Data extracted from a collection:
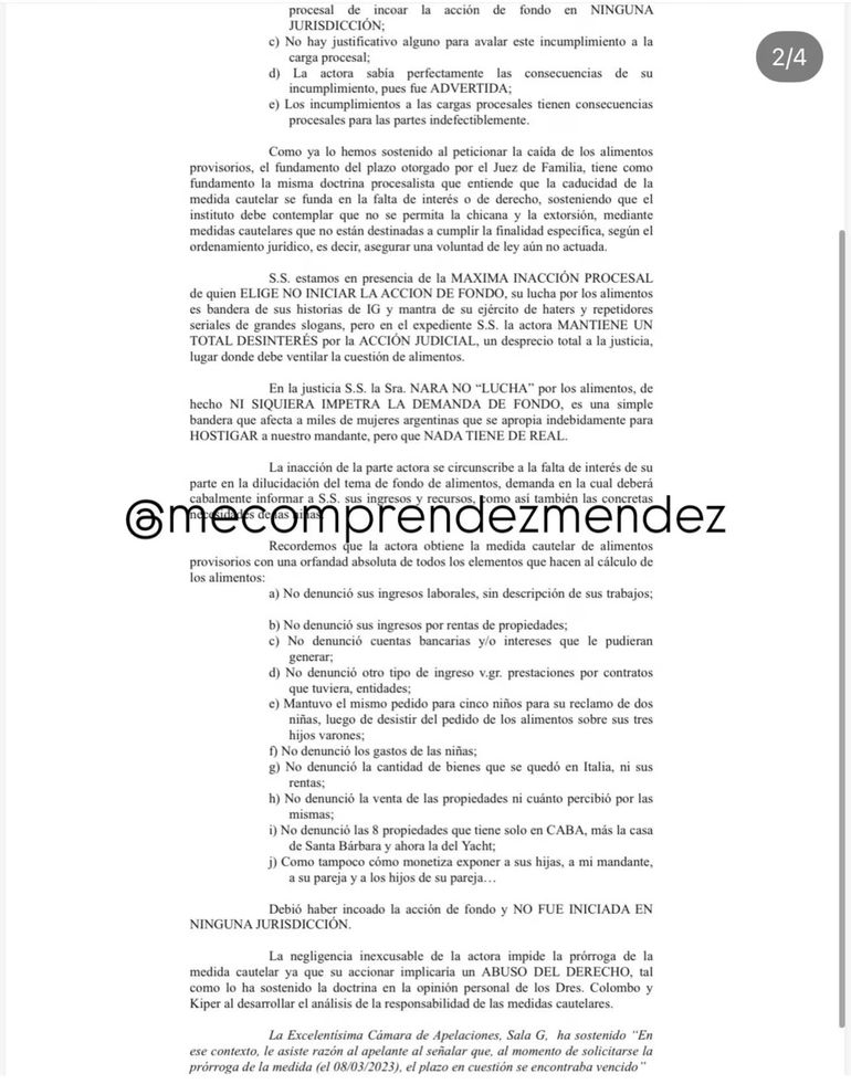 Además, las defensoras deslizaron que la empresaria busca evitar “informar sus ingresos, bienes, costos, egresos, pero también los concretos ingresos, bienes y egresos del demandado”, acusación que suma tensión al conflicto mediático y judicial. La crítica también incluyó al juez, al que las abogadas acusaron de prevaricato por su actuación permisiva con la modelo y estricta con el ex jugador de la Selección Argentina.
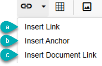 Allows the user to create a hyperlink from the selected text or object. Options for linking include: *Note: Due to a known issue, only option a: Insert Link is working in the Forms or Dedications Modules at this time. a: Insert Link (basic linking functions) |
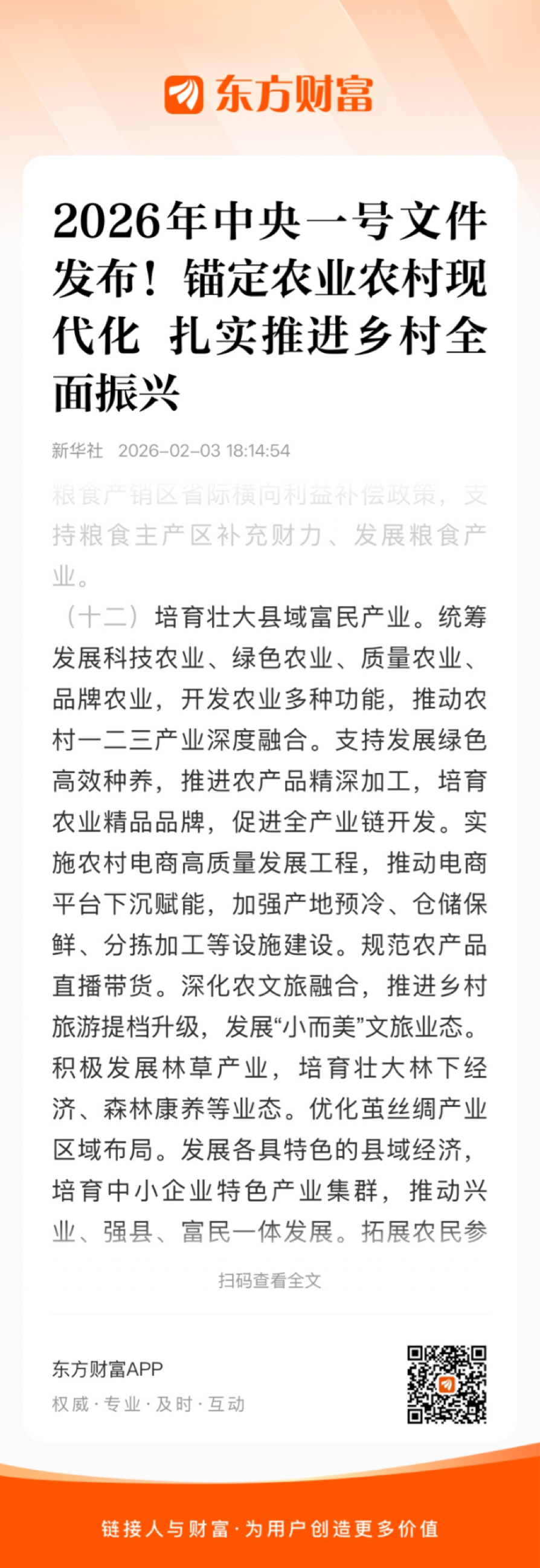 $遥望科技(SZ002291)$ 推进农产品精深加工,培育农业精品品牌,促进全产业链开发。实施农村电商高质量发展工程,推动电商平台下沉赋能,加强产地预冷、仓储保鲜、分拣加工等设施建设。规范农产品直播带货。
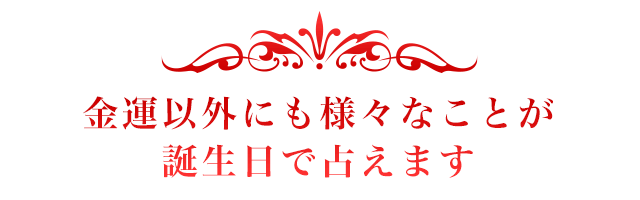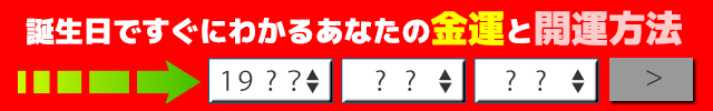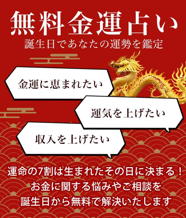 金運占いは、その人の生まれた年・月・日から基本性格や運命を導き出し、金運を最高に高める占いです。これから先の人生で重要な金運引き寄せ法を明らかにしていきます。特に今年はあなたの行動次第で金運も大きく変化します。誕生日にはあなたの運気の流れをよくするためのヒントがたくさん詰まっています。さっそく誕生日を入力して無料鑑定してみませんか?
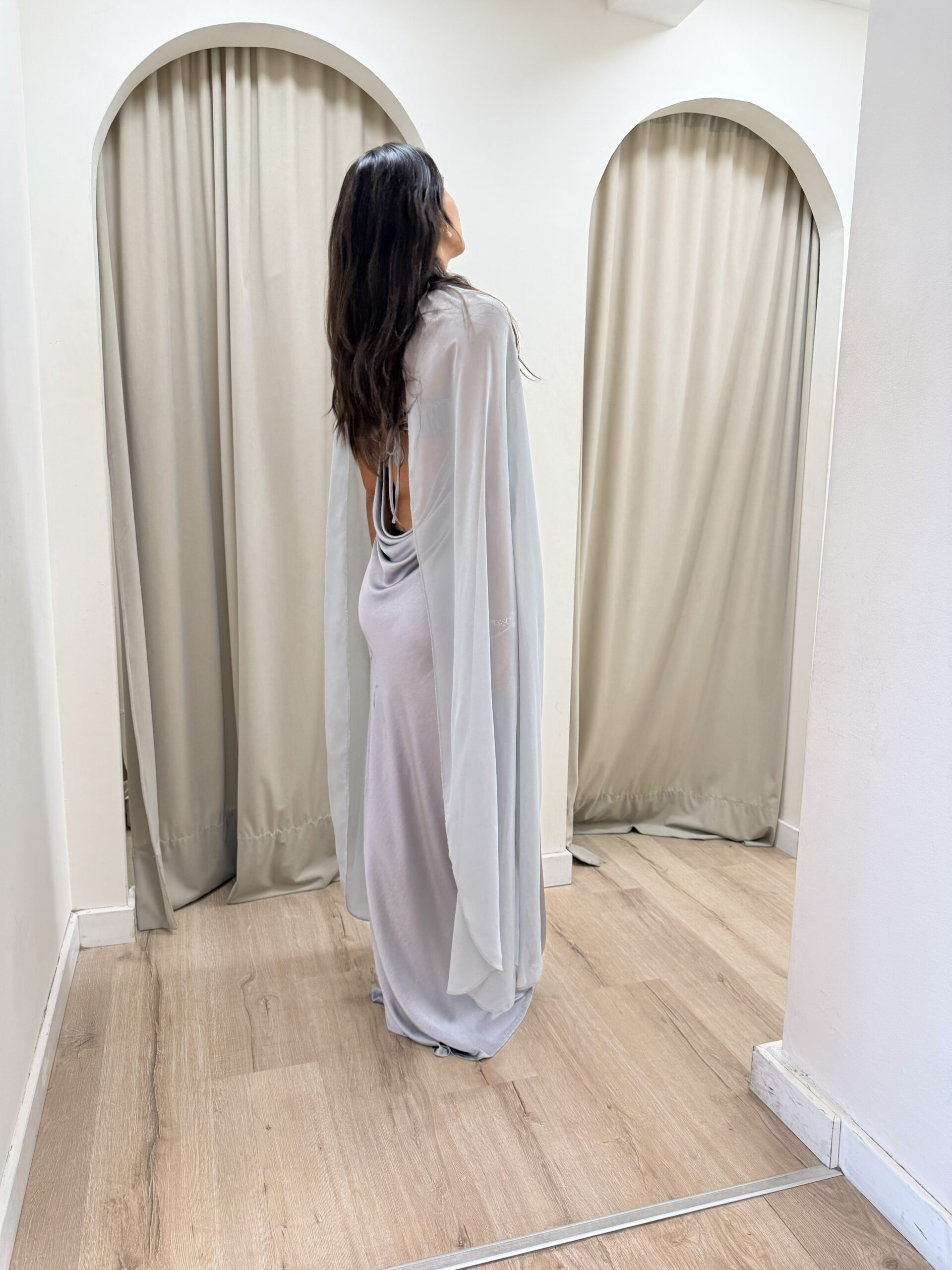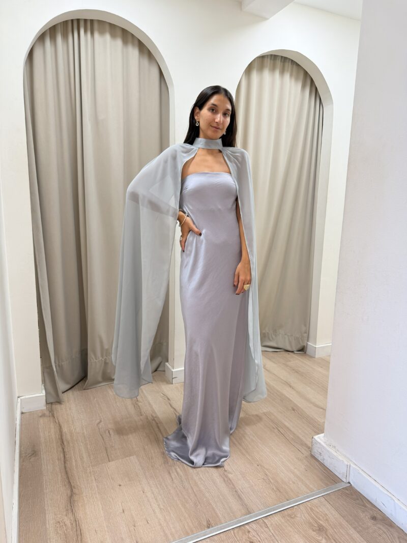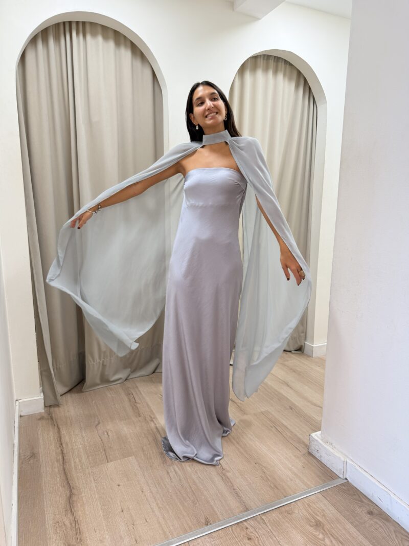 Una pieza etérea que transforma cualquier look en algo inolvidable. Confeccionada en gasa suave y fluida, esta capa cae delicadamente sobre los hombros, aportando movimiento, elegancia y un aire contemporáneo. Su diseño liviano enmarca la silueta sin cubrirla, logrando el equilibrio perfecto entre sutileza y presencia. Ideal para acompañar vestidos de noche, eventos especiales o celebraciones donde cada detalle cuenta.
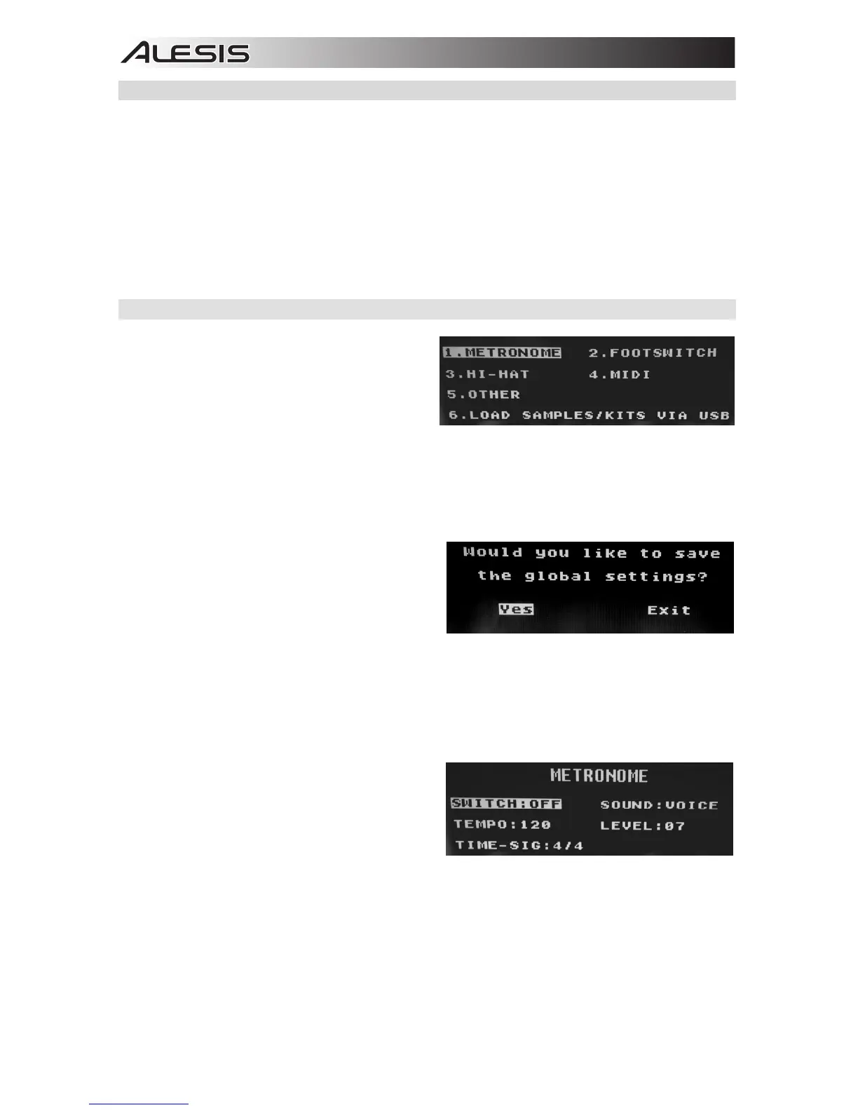 5. To exit the SAVE GLOBAL SETTINGS submenu, press the Cursor Down until Exit is highlighted, and then
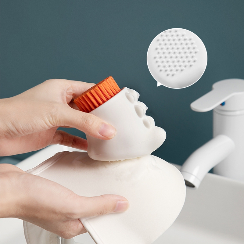 这款洗衣刷采用了柔软的硅胶作为卡通恐龙的外形设计,内里搭配柔密的多重毛刷,形象上充满了童趣。它的清洁洗刷能力相当强大,不仅可以清洗各类污垢衣物还能洗刷小朋友的各类玩具,一刷多用,家中必备。

TASK DIRECTIONS: Restate the records in full and word for word, but keep the pictures out.

RESULT OF THE EXERCISE:
 Además, las defensoras deslizaron que la empresaria busca evitar “informar sus ingresos, bienes, costos, egresos, pero también los concretos ingresos, bienes y egresos del demandado”, acusación que suma tensión al conflicto mediático y judicial. La crítica también incluyó al juez, al que las abogadas acusaron de prevaricato por su actuación permisiva con la modelo y estricta con el ex jugador de la Selección Argentina.
 Allows the user to create a hyperlink from the selected text or object. Options for linking include: *Note: Due to a known issue, only option a: Insert Link is working in the Forms or Dedications Modules at this time. a: Insert Link (basic linking functions) |
 $遥望科技(SZ002291)$ 推进农产品精深加工,培育农业精品品牌,促进全产业链开发。实施农村电商高质量发展工程,推动电商平台下沉赋能,加强产地预冷、仓储保鲜、分拣加工等设施建设。规范农产品直播带货。
 金運占いは、その人の生まれた年・月・日から基本性格や運命を導き出し、金運を最高に高める占いです。これから先の人生で重要な金運引き寄せ法を明らかにしていきます。特に今年はあなたの行動次第で金運も大きく変化します。誕生日にはあなたの運気の流れをよくするためのヒントがたくさん詰まっています。さっそく誕生日を入力して無料鑑定してみませんか?
 Una pieza etérea que transforma cualquier look en algo inolvidable. Confeccionada en gasa suave y fluida, esta capa cae delicadamente sobre los hombros, aportando movimiento, elegancia y un aire contemporáneo. Su diseño liviano enmarca la silueta sin cubrirla, logrando el equilibrio perfecto entre sutileza y presencia. Ideal para acompañar vestidos de noche, eventos especiales o celebraciones donde cada detalle cuenta.
 5. To exit the SAVE GLOBAL SETTINGS submenu, press the Cursor Down until Exit is highlighted, and then
 这款洗衣刷采用了柔软的硅胶作为卡通恐龙的外形设计,内里搭配柔密的多重毛刷,形象上充满了童趣。它的清洁洗刷能力相当强大,不仅可以清洗各类污垢衣物还能洗刷小朋友的各类玩具,一刷多用,家中必备。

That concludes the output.